--De par le ciel, homme! s'écria impétueusement Martin, ne comparez pas Eden et ces bicoques! Êtes-vous devenu fou? Par tous les... Que Dieu me pardonne! vous me mettriez hors de moi!»

Après cette sortie, Martin tourna le dos, et se promena sur le pont, d'allée et de venue, plus de deux heures, sans ouvrir la bouche, si ce n'est pour dire: «Bonne nuit!» Et le lendemain il parla d'autre chose, sans plus revenir sur ce sujet.

A mesure que les deux nouveaux citoyens se rapprochaient du terme de leur voyage, la monotone désolation de la scène environnante croissait, et devenait telle qu'il ne tenait qu'à eux de se croire entrés dans les horribles domaines du Désespoir et de la Mort.

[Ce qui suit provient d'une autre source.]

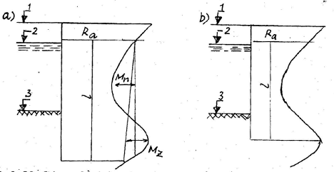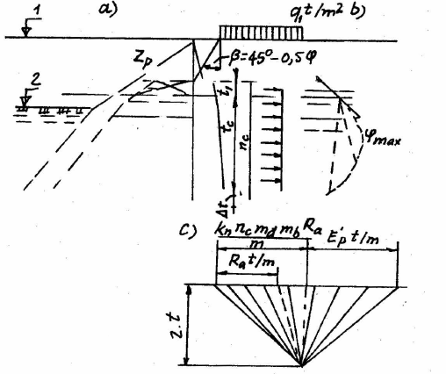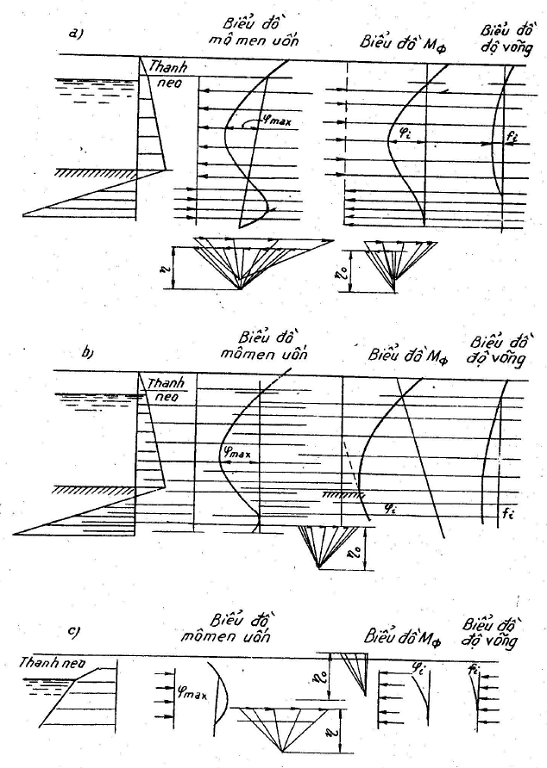 Việc xác định độ võng của tường đóng trong đất được tiến hành theo trình tự sau (xem hình vẽ)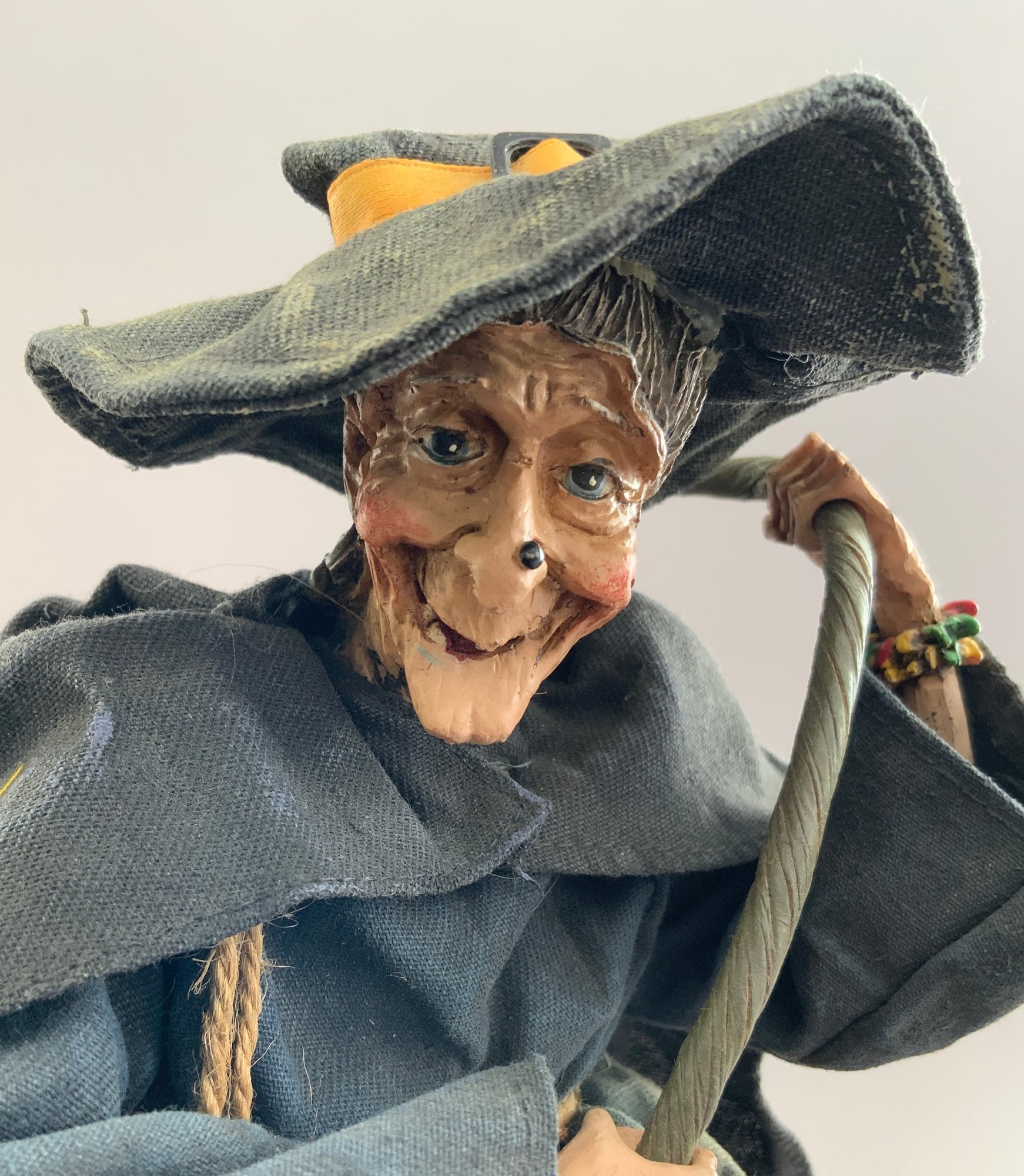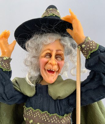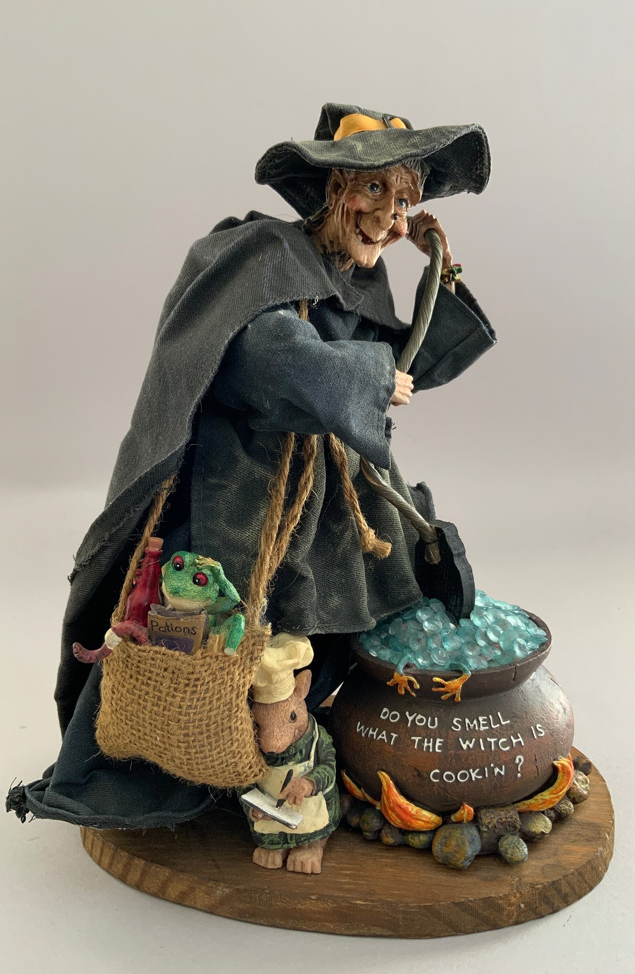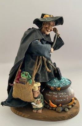2 – Witches, 1 - 15” Witch artist doll, cast resin, by Nancy Arnold, great expression, & 1 – 12” Tall witch on wood base brewing a potion, cast resin

C'était un plat marécage, semé de troncs d'arbres pourris. Il semblait que la végétation de la fertile terre eût fait naufrage en entier sur ces bas-fonds, où, jaillissant de sa cendre décomposée, pullulaient toutes sortes de productions immondes et dégoûtantes. Les arbres même ressemblaient à de gigantesques herbes, engendrées dans le limon par l'âcre soleil qui desséchait et dévorait leurs cimes. Là, les maladies pestilentielles, cherchant qui infecter, erraient la nuit en fantastiques brouillards, et rampaient à la surface des eaux, spectres qui les hantaient jusqu'au jour. Alors même que brillait le bienfaisant soleil, il ne faisait que révéler toute l'horreur de ces affreux éléments de corruption et de mort. Telles étaient les régions fortunées dans lesquelles nos voyageurs s'enfonçaient de plus en plus.

A la fin on s'arrêta: c'était l'Eden.--A voir le hideux marais qui portait ce nom, enseveli sous la fange et sous des tas de filaments d'herbes et de racines entrelacées, on pouvait penser que les eaux du déluge ne l'avaient abandonné que d'hier.

Le fleuve n'était point assez profond le long de ses rives pour que le vaisseau prit terre; Mark et Martin descendirent donc dans le bateau avec tout leur bagage.

Parmi les huttes de bois, en si petit nombre, qu'ils discernaient avec peine par delà de noirs rameaux, la meilleure aurait pu servir de toit à vaches ou de grossière étable. C'étaient là les quais, la place du marché, les édifices publics, etc., etc.

«Voilà un Édenèen qui nous arrive, dit Mark; il nous aidera à transporter nos effets. Bon courage, monsieur. Holà! hé! ici!»

A travers le brouillard qui s'épaississait, ils voyaient l'homme avancer vers eux, mais lentement. Il s'appuyait sur un bâton; quand il fut plus près, ils s'aperçurent qu'il était pâle, maigre, que ses yeux inquiets étaient profondément enfoncés dans leur orbite. Un habit bleu, d'étoffe grossière, pendait, en haillons autour de lui; il avait la tête et les pieds nus. A mi-chemin, il s'assit sur une souche, et leur fit signe de venir à lui, ce qu'ils firent. Alors, appuyant la main sur son côté comme s'il souffrait, il chercha à reprendre baleine, tout en attachant sur eux un regard étonné.

«Des étrangers! dit-il sitôt qu'il mit parler.

--Tout juste, reprit Martin. Eh bien, mon bon monsieur, comment vous en va?